Enhancing analysis of cells and proteins by fluorescence imaging on silk-based biomaterials: modulating the autofluorescence of silk.

Silk is a versatile and established biomaterial for various tissue engineering purposes. However, it also exhibits strong autofluorescence signals-thereby hindering fluorescence imaging analysis of cells and proteins on silk-derived biomaterials. Sudan Black B (SB) is a lysochrome dye commonly used to stain lipids in histology. It has also been reported to be able to quench autofluorescence of tissues in histology and has been tested on artificial biomedical polymers in recent years. It was hypothesized that SB would exert similar quenching effects on silk, modulating the autofluorescence signals, and thereby enabling improved imaging analysis of cells and molecules of interests.

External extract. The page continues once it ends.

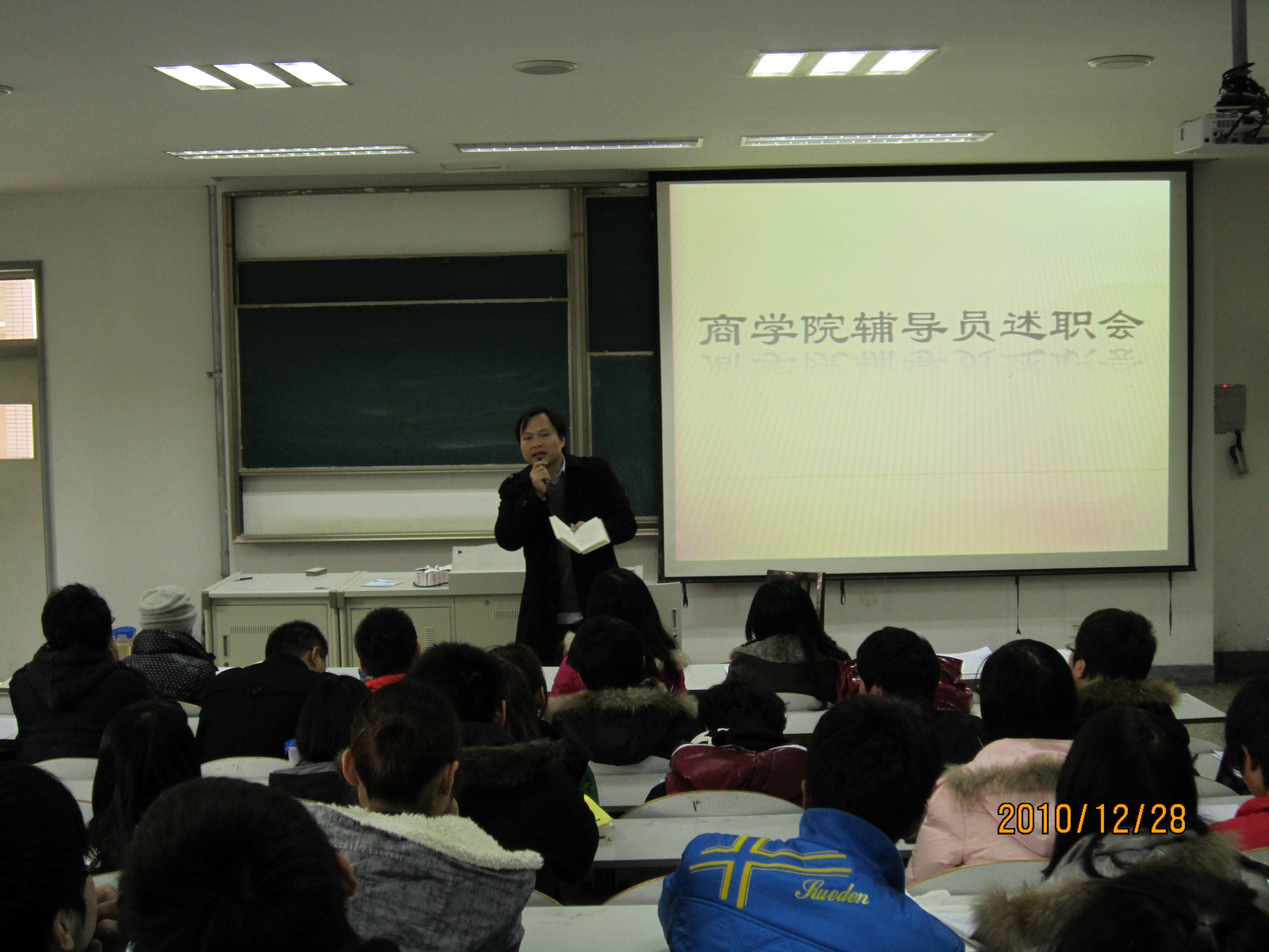 为了客观公正评价辅导员工作,总结经验,交流心得,吃瓜网 于2010年12月28日在教一153、159、131、梁林1号楼424举行辅导员述职报告大会。吃瓜网 党委书记左军老师、副书记郝文静老师,学校学生工作处副处长姚颖超老师出席会议。吃瓜网 近800名学生参加述职报告会。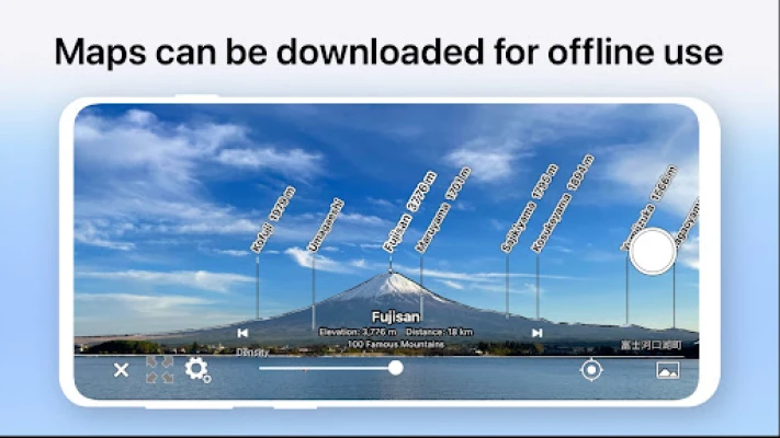■ Even if you tilt the camera, the name is displayed on the mountaintop using 3D coordinates and a gyroscope, so it is easy to check.

The quenching effect of SB on the intrinsic fluorescence properties of silk and on commercial fluorescent dyes were first investigated in this study. SB was then incorporated into typical fluorescence-based staining protocols to study its effectiveness in improving fluorescence-based imaging of the cells and proteins residing with the silk-based biomaterials. Silk processed into various forms of biomaterials (e.g., films, sponges, fibers, and electrospun mats) was seeded with cells and cultured in vitro. At sacrificial time points, specimens were harvested, fixed, and prepared for fluorescence staining. SB, available commercially as a powder, was dissolved in 70% ethanol (0.3% [w/v]) to form staining solutions. SB treatment was introduced at the last step of typical immunofluorescence staining protocols for 15-120 min. For actin staining protocols by phalloidin toxin, SB staining solutions were added before and after permeabilization with Triton-X for 15-30 min. Results showed that ideal SB treatment duration is about 15 min. Apart from being able to suppress the autofluorescence of silk, this treatment duration was also not too long to adversely affect the fluorescent labeling probes used. The relative improvement brought about by SB treatment was most evident in the blue and green emission wavelengths compared with the red emission wavelength. This study has showed that the use of SB is a cost and time effective approach to enhance fluorescence-based imaging analyses of cell-seeded silk biomaterials, which otherwise would have been hindered by the unmodulated autofluorescence signals.